Surpris par la rapidité et l’ampleur du mouvement qui se développe, le gouvernement tente d’allumer des contre-feux afin d’en minimiser l’impact. Ne nous laissons pas abuser. Il ne s’agit pas de nous faire changer nos véhicules, mais bel et bien de continuer à taxer de plus en plus tout ce qui touche à l’automobile classique. Il paraît évident que la production d’électricité actuelle de notre pays ne peut assurer la recharge quotidienne de millions de véhicules électriques, dont la fabrication et l’entretien des batteries généreraient, de plus, un bilan carbone totalement à l’encontre des idées défendues pour justifier ce véritable racket dont nous sommes victimes.

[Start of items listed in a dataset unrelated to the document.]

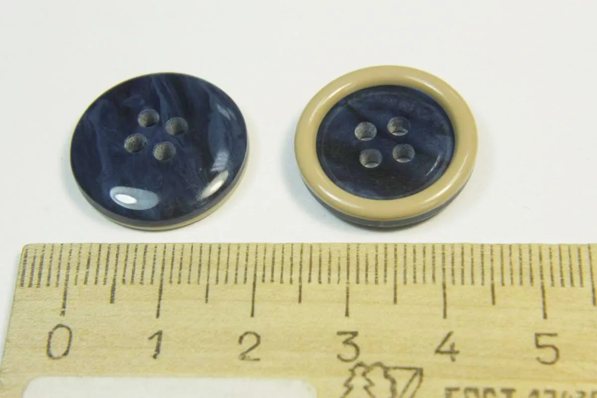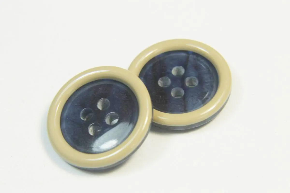 Пуговица костюмная, 4 прокола, синяя с беж. ободком, диаметр 21 мм
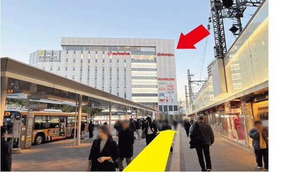 そのまま外へ出て、正面にあるビックカメラさんに向かって進みます。
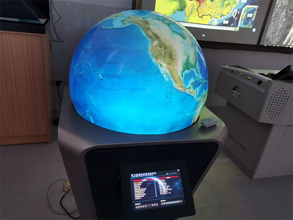 多媒體超半球互動球幕投影演示儀,這個發光的半球大有來頭,從地殼地心的構造,到地球各大洲大洋的信息,再到宇宙中的天體、星體的模擬,幾乎濃縮了所有的地理教材知識。在球形曲面幕上三維動畫展示,模擬演示各種地理現象。

L’enjeu de ce mouvement est capital, et notre mobilisation doit être exemplaire. C’est la seule chose que nos gouvernants semblent à même de comprendre. Notre détermination doit se révéler dissuasive, afin de mettre un terme définitif à ces incessantes augmentations qui ne peuvent que se traduire, comme toute autre mesure d’austérité, que par un chômage augmenté et une récession à terme.